Monitoring Recommendations
- Log and review curl invocations that use persistent cookie jars (--cookie-jar) in shared automation environments.
- Monitor outbound traffic from build agents for cookie reuse across unrelated hostnames.
- Alert on curl version fingerprints in User-Agent strings that indicate unpatched builds still in production use.
How to Mitigate CVE-2026-8924
Immediate Actions Required
- Upgrade curl and libcurl to the fixed version identified in the cURL CVE-2026-8924 Documentation.
- Rebuild and redeploy any statically linked applications or container images that bundle libcurl.
- Purge existing cookie jars used by automation, scrapers, and CI pipelines to eliminate any injected super cookies.
Patch Information
The curl project has published an advisory at curl.se/docs/CVE-2026-8924.html with the fixed release information and machine-readable metadata available in the CVE JSON details.
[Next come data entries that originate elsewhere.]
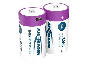 Kategorie: Batterien & Akkus - Ansmann - GTIN:4013674193998 - 2er Pack Mono D Lithium-Ionen Akku inklusive 2-fach Ladekabel, 1,5 V / Typ 6000 (min. 5400 mAh) / 12 Wh - Type C Ladung - geschützter Akku aufgrund Sicherheitsbeschaltung - 34,99 Euro bei Fotofocal.rf-webworld - gefunden von billiger.de Dieses 4er-Pack mit 8500 mAh NiMH-Akkus ist ideal für Nutzer mit höherem Bedarf und bietet eine hohe Wiederaufladbarkeit. Manomano.d e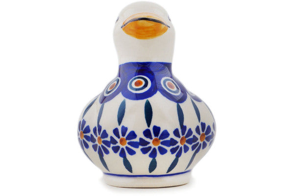 This Peacock 4" Duck Figurine was handmade and hand decorated in Boleslawiec, Poland by skilled artisans according to old traditional methods. This Polish stoneware is microwave, dishwasher, freezer, and oven safe up to 480°F. It does not contain lead or cadmium. It is part of the Peacock Collection.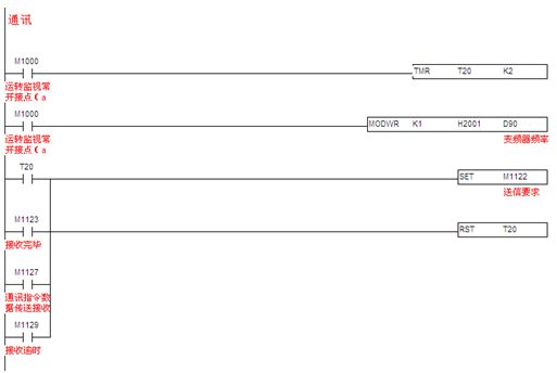 3.2.3通訊程序:臺(tái)達(dá)SS PLC提供兩個(gè)通訊口。本文中,SS PLC的COM1口已與觸摸屏通訊,所以利用SS PLC的COM2 通訊口(此通訊口接口是RS485),支持MODBUS通訊便利指令,編通訊程序像編順序邏輯程序一樣簡單,讓對通訊底層不是很了解的人也能快速上手。快速編寫MODBUS通訊程序,控制如臺(tái)達(dá)全系列產(chǎn)品,如變頻器、溫控器、伺服等產(chǎn)品。見圖10。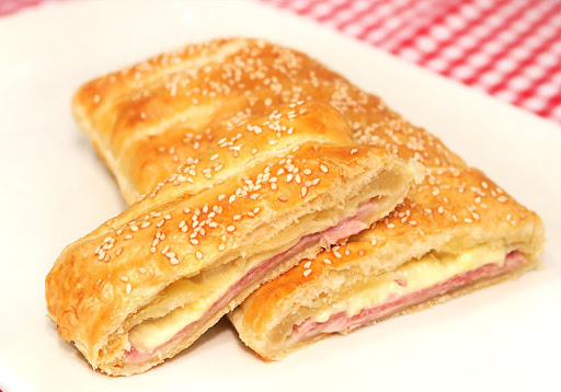 Este tipo de recetas con hojaldre te sirve para cualquier momento del día, además es de bajo costo, sencilla y muy versátil. Lo que debes hacer es desenrollar la lámina de hojaldre y conservar el papel donde viene incluida. En la parte central pones 3 lonchas de jamón cocido procurando dejar Los bordes de arriba y abajo libres. Encima colocas queso y repites la operación hasta que llegues a la última capa. Untas la tapa con mayonesa y cortas el hojaldre para formar trenzas. Una vez lo cierres untas con huevo batido y horneas por 200 grados hasta que esté dorado.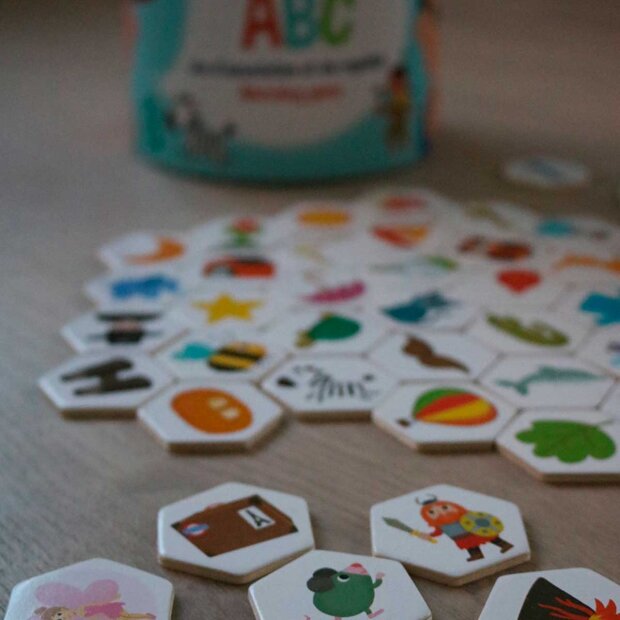 Lær dit barn ABC ved at sætte ord på brikkernes motiver via matchende brikker med motivernes forbogstaver.
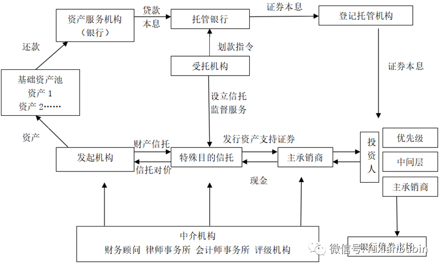 不良資產(chǎn)證券化產(chǎn)品是將不良債權(quán)資產(chǎn)進(jìn)行包裝組合,并以此為基礎(chǔ)發(fā)行可交易證券的一種融資形式。不良資產(chǎn)證券化系由不良債權(quán)持有者將債權(quán)轉(zhuǎn)讓給SPV/SPT,由其將資產(chǎn)匯集成資產(chǎn)池,再以該資產(chǎn)池所產(chǎn)生的現(xiàn)金流為支撐在金融市場(chǎng)上發(fā)行有價(jià)證券進(jìn)行融資,并以該資產(chǎn)池產(chǎn)生的現(xiàn)金流來(lái)清償所發(fā)行的有價(jià)證券。其業(yè)務(wù)模式基本如下圖: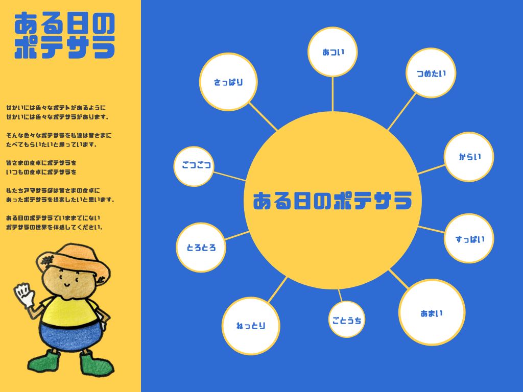 また、『ある日のポテサラ』を通じて、楽しく食べる食事の応援が何らかの形ができないか考え、当社が地元の商店街で取り組んでいるこども食堂に着目し、日本中の方々においしい野菜、果物をもっと食べてもらいたいという観点でこども食堂の応援も致します。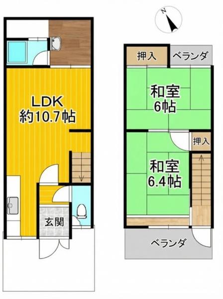階数 区分 広さ 1F LDK 10.7帖 2F 和 6.4帖 2F 和 6.0帖 - 駐車場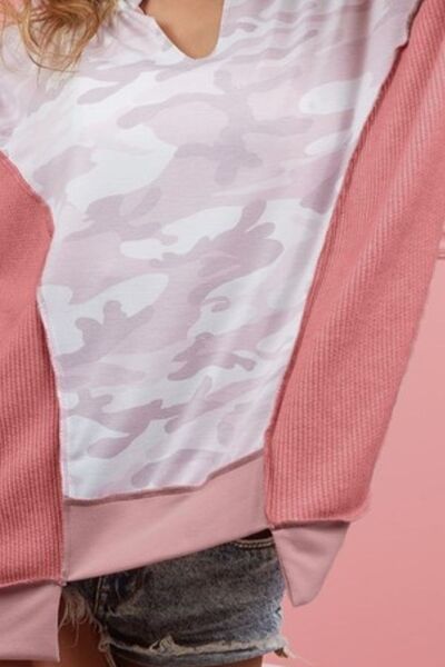 Camo Printed French Terry Knit Color Block Top
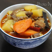 牛腩、土豆、胡萝卜、生姜、大蒜、辣椒壳、八角、桂皮、香叶、油、盐、老抽、白砂糖。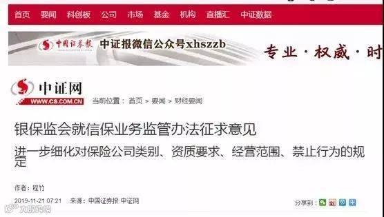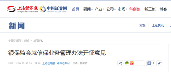 另据中国证券报独家获悉,为进一步加强信用保险和保证保险业务(以下简称“信保业务”)监管,规范经营行为,防范化解风险,中国银保监会财险部近日向各银保监局、各财产保险公司就《信用保险和保证保险业务监管办法(征求意见稿)》(以下简称《办法》)征求意见。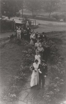 Auf der Rückseite der Heiratsanzeige vom 31. 12. 1935 grüßt das Brautpaar sein Freunde und schickt gleichzeitig Neujahrsgrüße und Glückwünsche. Das Brautpaar Schöler betrieben die Pension Haus Ahrperle im Kurviertel. Dieses Haus wurde später geteilt. Eine Hälfte ist im Privatbesitz und die andere Hälfte gehört einen Seniorenheim.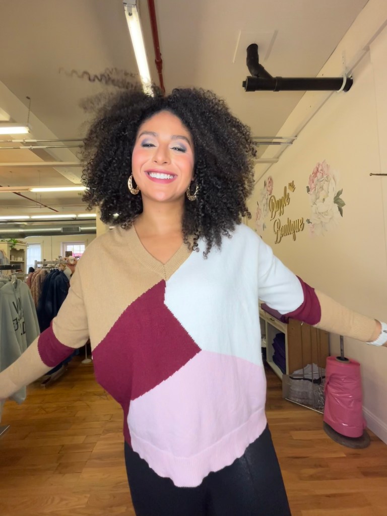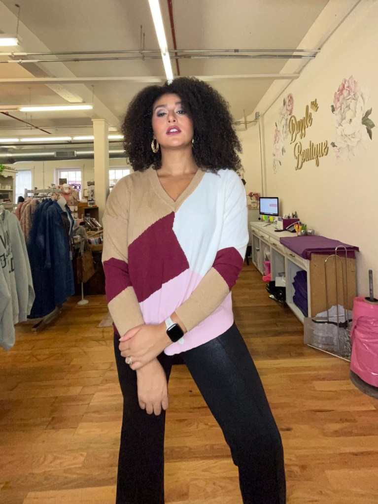 I loved the fit of this sweater – it’s fitted on the arms and boxier around the torso, making it a piece I would reach for to celebrate any Autumnal holiday! And it’s so cozy, you could easily wear this to work, to run errands, or to spend a casual weekend with your loved ones!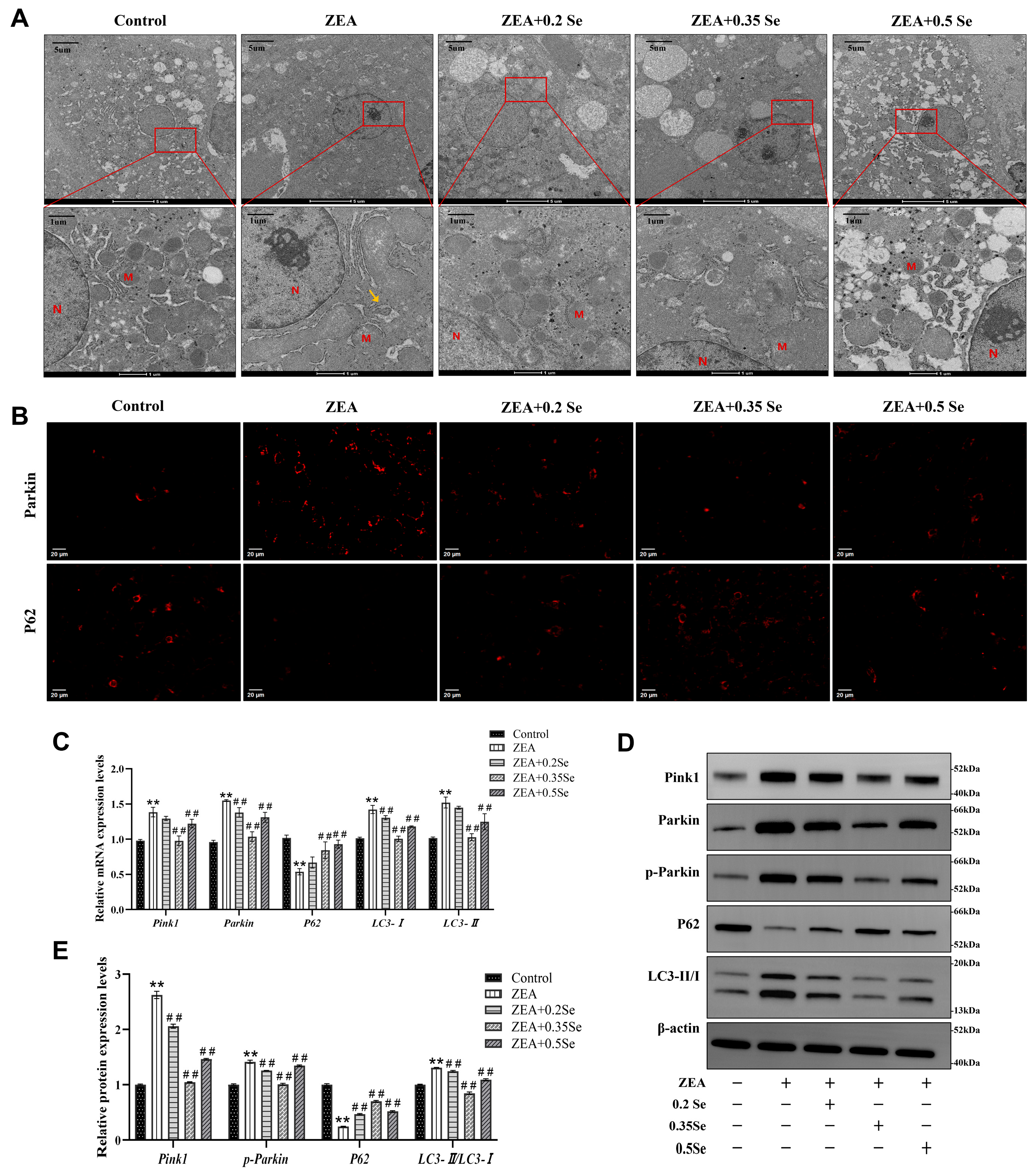 Figure 6. Changes in mitochondrial ultrastructure and mitophagy markers in rabbit hepatocytes (n = 5). (A) TEM images of mitochondrial ultrastructure. M: Mitochondria; N: Nucleus; Yellow arrow: Autophagosome. (B) Immunofluorescence localization of Parkin and P62 (Cy3-labeled). (C) mRNA expression levels of Pink1, Parkin, P62, LC3-I, and LC3-II measured by RT-qPCR. (D) Western blot bands of Pink1, Parkin, p-Parkin, P62, and LC3-II/LC3-I. (E) Quantitative analysis of mitophagy-related protein expression. Data are expressed as mean ± SD. ** p < 0.01 vs. control group; ## p < 0.01 vs. ZEA group.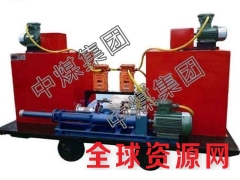 主泵用来输送已加入促凝剂的水。辅泵用来输送液态纯胶(如水玻璃)。这两种液料经各自的输送胶管输送到混合器中均匀混合后,经三个出液口送出。根据各料的配比不同,这种液态的高水胶料混合液可在30~400秒内形成固态胶体,用于煤矿灭火和防火。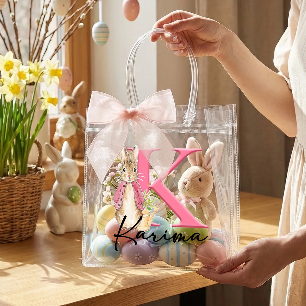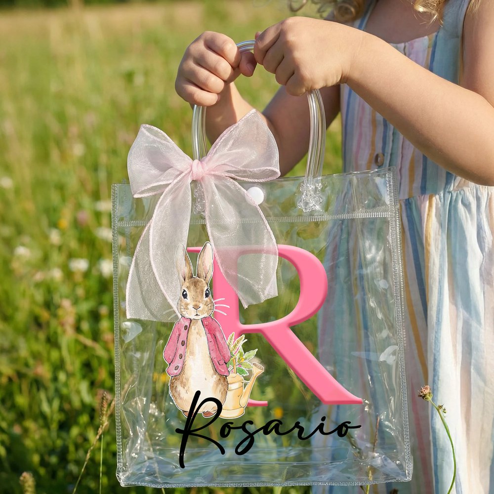 Esta bolsa transparente presenta un adorable y encantador Peter Rabbit de Pascua como elemento central de su diseño, combinado con una suave cinta de lazo rosa, llena de festiva alegría infantil y dulce encanto. Puedes personalizarla con un nombre y unas iniciales especiales, haciendo de cada bolsa un regalo personalizado realmente único.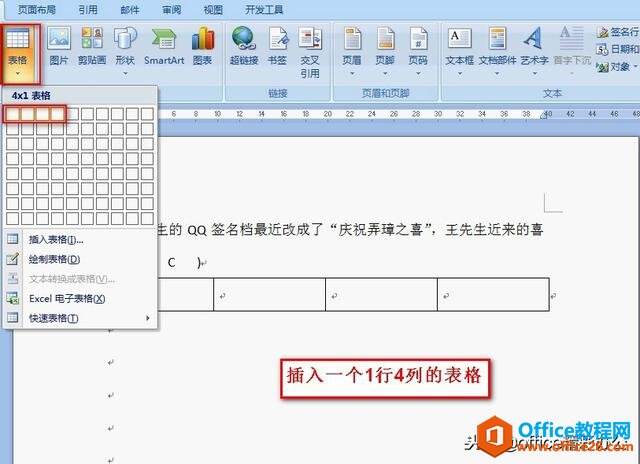 1、在word中选择题题干,然后插入一个1行4列的表格.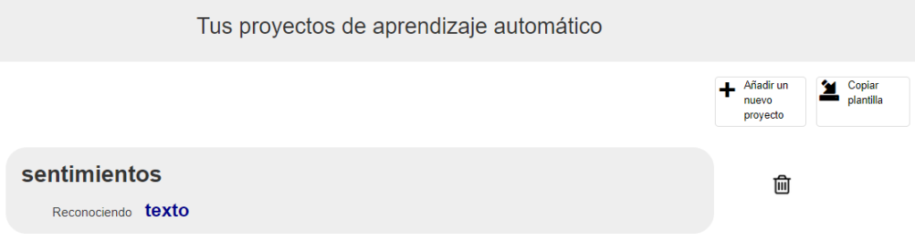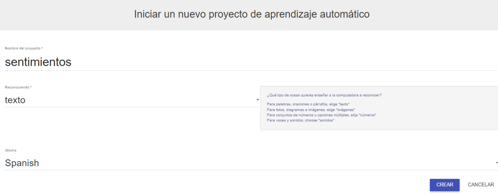 🆘 Darle un nombre al proyecto (sentimientos), escoger el tipo de reconocimiento (texto) e indicar el idioma del reconocimiento de texto (Spanish)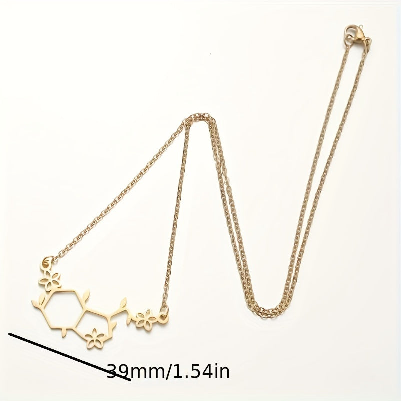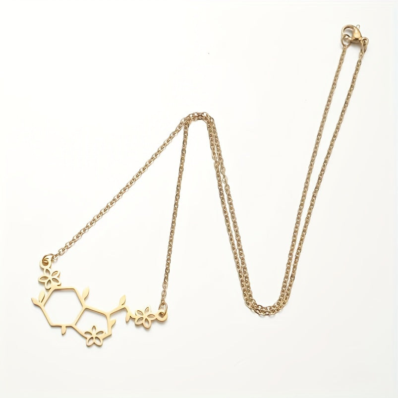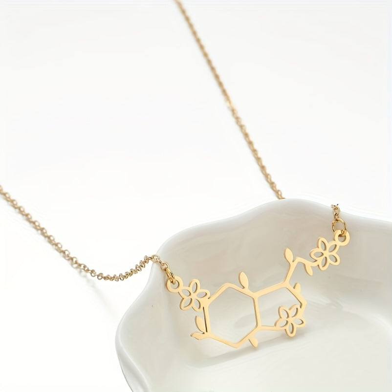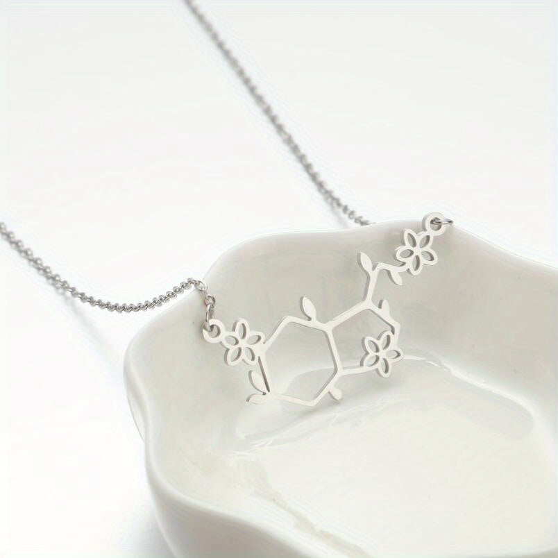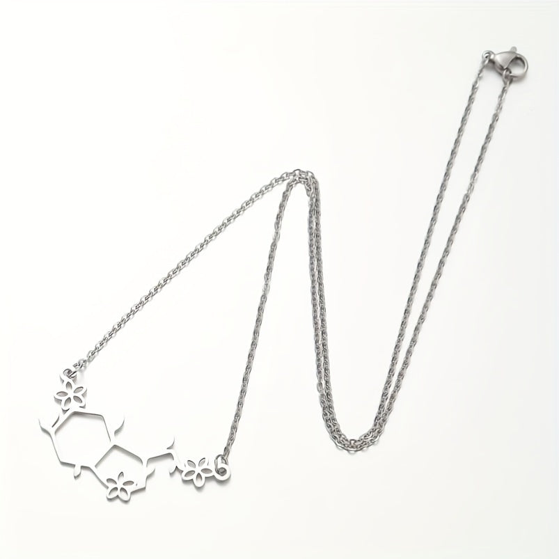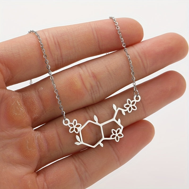 Embrace your love for chemistry and science with this serotonin molecule pendant necklace featuring a delicate flower charm. Perfect for men who appreciate unique jewelry pieces.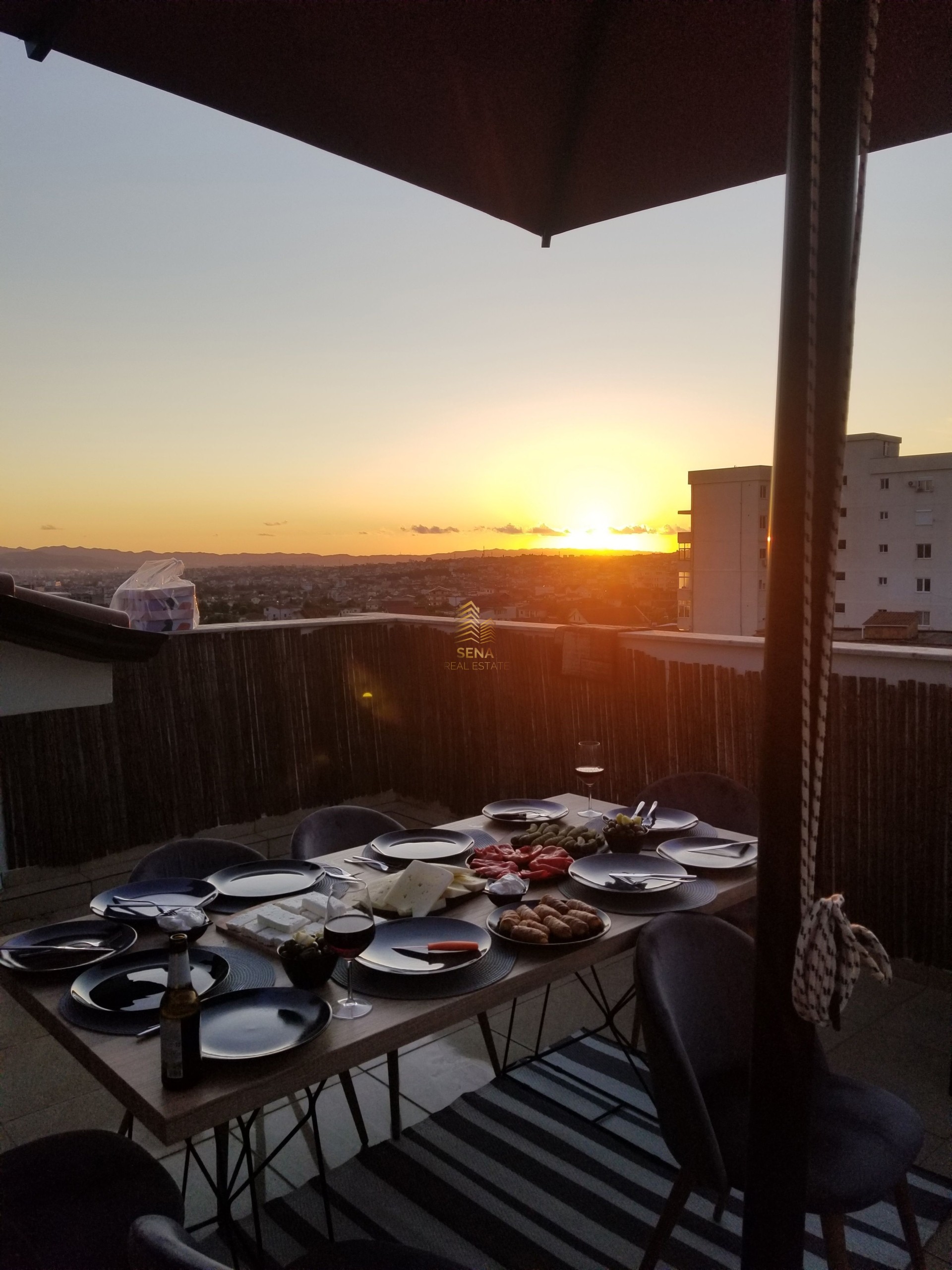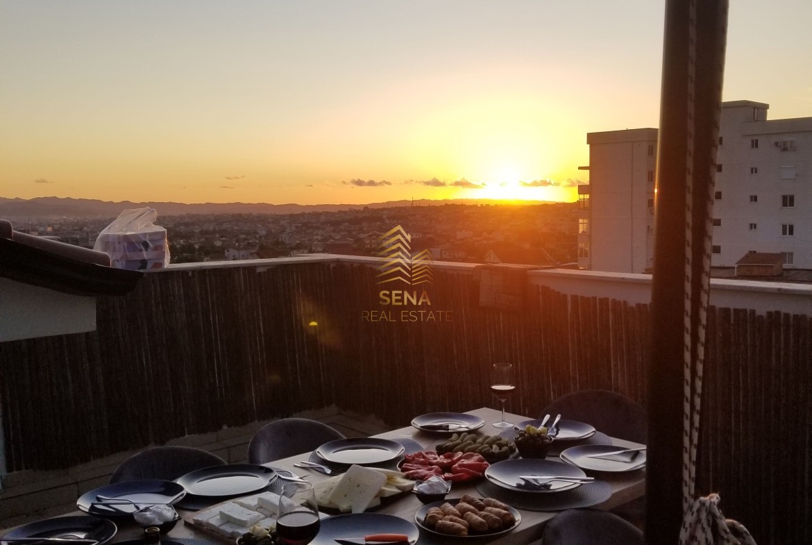 Një nga veçoritë kryesore është veranda e madhe prej 50 m², ideale për relaks apo organizime në ambiente të hapura, si dhe ballkoni që shton më shumë hapësirë dhe ajrim natyral.

Distribution maintainers typically ship backported patches; consult vendor package repositories for the curl update corresponding to your operating system.
Workarounds
- Avoid using persistent cookie jars (-b/-c) with untrusted HTTP servers until the patch is applied.
- Run curl with --cookie "" or without cookie storage flags in workflows that touch untrusted origins.
- Isolate automation that must communicate with untrusted endpoints so their cookie state cannot leak to production services.
# Verify installed curl version and upgrade on Debian/Ubuntu
curl --version
sudo apt-get update && sudo apt-get install --only-upgrade curl libcurl4
# Verify installed curl version and upgrade on RHEL/Rocky/Alma
curl --version
sudo dnf upgrade curl libcurl
# Purge any existing cookie jars used by automation
find / -name 'cookies.txt' -type f -print -delete 2>/dev/null
Disclaimer: This content was generated using AI. While we strive for accuracy, please verify critical information with official sources.